Transcribe the data below verbatim from the line with "EN LOS CORRALES" to the line with "Una manifestación. ORENSE, 16.—A". Include both of those lines.

INFORMATION GIVEN:
★ ★ ★ ★

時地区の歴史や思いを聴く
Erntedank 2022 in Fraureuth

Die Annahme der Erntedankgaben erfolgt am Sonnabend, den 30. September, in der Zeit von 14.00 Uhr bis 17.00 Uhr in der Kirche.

★ ★ ★ ★

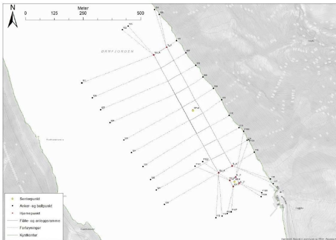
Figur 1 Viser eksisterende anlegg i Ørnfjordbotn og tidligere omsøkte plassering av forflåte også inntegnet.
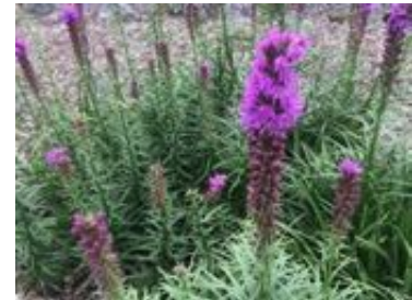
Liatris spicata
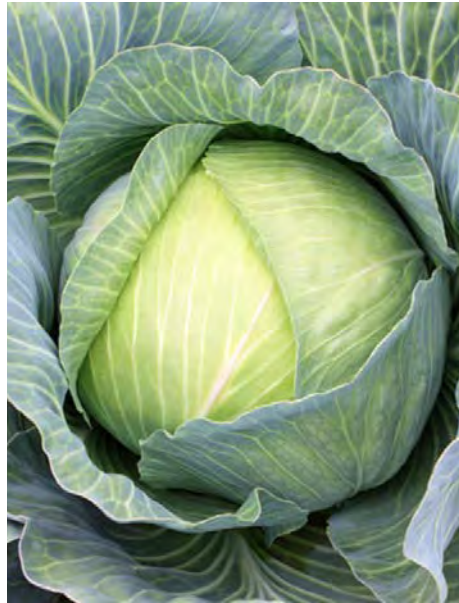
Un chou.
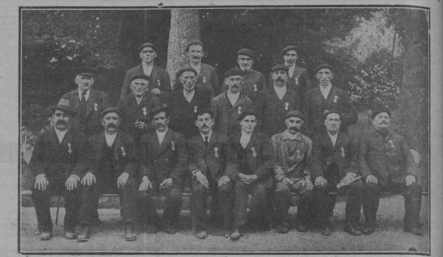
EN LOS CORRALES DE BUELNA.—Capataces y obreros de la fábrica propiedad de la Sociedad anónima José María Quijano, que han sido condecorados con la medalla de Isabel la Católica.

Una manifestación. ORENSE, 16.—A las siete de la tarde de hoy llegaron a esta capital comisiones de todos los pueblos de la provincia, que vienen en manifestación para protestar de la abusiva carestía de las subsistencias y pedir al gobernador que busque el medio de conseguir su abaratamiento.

★ ★ ★ ★

RESPONSE AREA:
EN LOS CORRALES DE BUELNA.—Capataces y obreros de la fábrica propiedad de la Sociedad anónima José María Quijano, que han sido condecorados con la medalla de Isabel la Católica.

Una manifestación. ORENSE, 16.—A las siete de la tarde de hoy llegaron a esta capital comisiones de todos los pueblos de la provincia, que vienen en manifestación para protestar de la abusiva carestía de las subsistencias y pedir al gobernador que busque el medio de conseguir su abaratamiento.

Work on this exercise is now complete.